A data-driven dynamic nonlocal subgrid-scale model for turbulent flows

We developed a novel autonomously dynamic nonlocal turbulence model for the large and very large eddy simulation (LES, VLES) of the homogeneous isotropic turbulent flows (HIT). The model is based on a generalized (integer-to-noninteger) order Laplacian of the filtered velocity field, and a novel dynamic model has been formulated to avoid the need for tuning the model constant. Three data-driven approaches were introduced for the determination of the fractional-order to have a model which is totally free of any tuning parameter. Our analysis includes both the $\textit{a priori}$ and the $\textit{a posteriori}$ tests. In the former test, using a high-fidelity and well-resolved dataset from direct numerical simulations (DNS), we computed the correlation coefficients for the stress components of the subgrid-scale (SGS) stress tensor and the one we get directly from the DNS results.
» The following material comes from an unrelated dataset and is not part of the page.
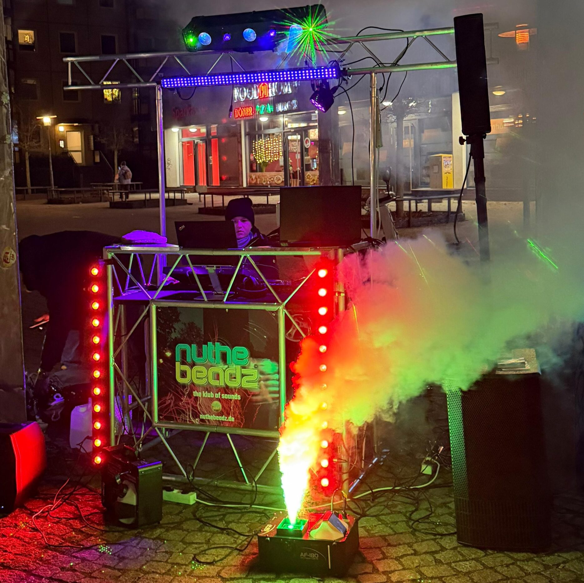 Komplett einsatzfähiger DJ Stand mit Lichtanlage.
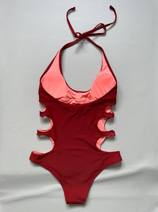 Aerie Rust Red Cutout Plunge Halter Cheeky One Piece Swimsuit NWOT - Small

Moreover, we compared the probability density function of the ensemble-averaged SGS forces for different filter sizes. In the latter, we employed our new model along with other conventional models including static and dynamic Smagorinsky into our pseudo-spectral solver and tested the final predicted quantities. The results of the newly developed model exhibit an expressive agreement with the ground-truth DNS results in all components of the SGS stress and forces. Also, the model exhibits promising results in the VLES region as well as the LES region, which could be remarkably important for the cost-efficient nonlocal turbulence modelings e.g., in meteorological and environmental applications.